OK, I know it’s not Monday, but I was really busy yesterday and didn’t have time to write, so today it’s Mend-It Monday on Tuesday. In recent months my mending has been ticking over, with objects repaired as necessary, but it’s a subject that I have been thinking about more and more. The culture of consumerism is so bad for the planet – the more we buy, the more we end up throwing away, or simply not using, and it can’t go on… our resources are not limitless. Every time any item is manufactured, it uses some sort of materials, and even if those are repurposed or recycled, there is still energy involved. And what about the hidden resources? How much water does it take to make an item? And what about the waste during manufacturing? And all this before we even start to think about the conditions of the workers, which can be abysmal, especially when it comes to the cheap goods we have come to expect to see in our shops.

Mending box

So, mending is a big step in the right direction – extend the useful life of an object and you buy new stuff less often, so there is an easing of demand for the world’s resources. But this does sound like a bit of a chore and I think that it is also important to see mending in a positive light rather than simply as something “worthy”. I particularly like mending items that I have made… this is how I have come round from my dislike of darning to loving it: because I can keep wearing all those socks that I put so many hours into making in the first place. Indeed, extending the life of something I really love wearing or using is a particular source of happiness for me. I know that eventually I will have to give up on certain much-loved garments, but it’s so good to be able to keep using them for long after “normal” people would have sent them to landfill.

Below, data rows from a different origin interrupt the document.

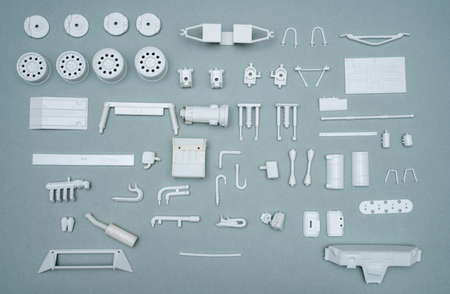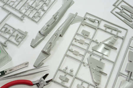 Detail of parts of plastic model aeroplane resin kit. Parts of plastic model aeroplane in a frame waiting to be assembled.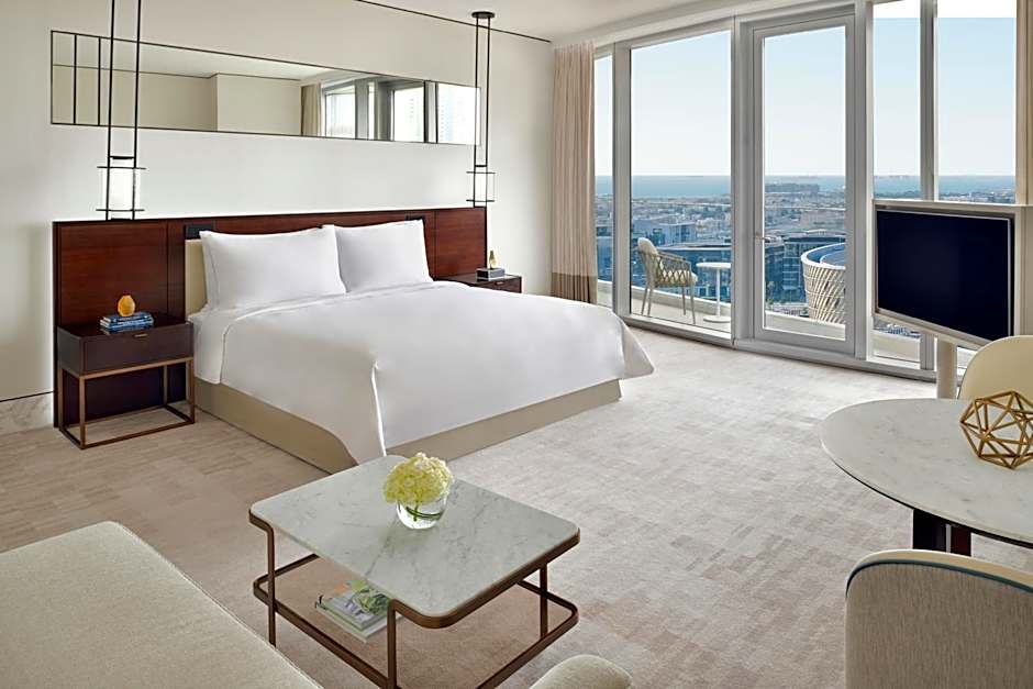 This suite features modern interiors, a seating area, a king size bed and a walk in wardrobe. The suite also offers a spacious bathroom featuring a vanity area. The suite is complemented by a private balcony overlooking the city, and the suite offers access to the Club Lounge which offer a food and beverages served throughout the day.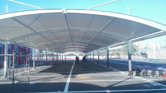 膜結(jié)構(gòu)車棚的施工周期短,膜材裁剪便利。拼合成型及骨架的鋼結(jié)構(gòu)、鋼索均在工廠加工制作,現(xiàn)場(chǎng)只需組裝,施工簡(jiǎn)便,所以施工周期比傳統(tǒng)修建短。

A skillful invisible mend is an amazing thing and something that I do not excel at, but visible mends are great fun and also highlight to others the possibilities. Fortunately, visible mending is acceptable, and even trendy, these days. Over the years I’ve got good at darning socks and have had a bash at boro, but I’ve been looking to extend my range of skills and have, therefore recently invested in some new books and equipment. I’m particularly excited by the arrival just this morning of a “Speedweve”: a tiny loom to assist with mending all sorts of fabric, including (I hope) some of the things that I’ve struggled with in the past. I’ve also treated myself to a Japanese leather palm thimble, some sashiko needles, long darning needles and sashiko thread (which I want to compare to the embroidery thread I have been using for boro).

So, today I don’t have any completed mends to display, but hopefully I’ll soon be showing off the results of playing with my tiny loom and practising my Japanese stitching.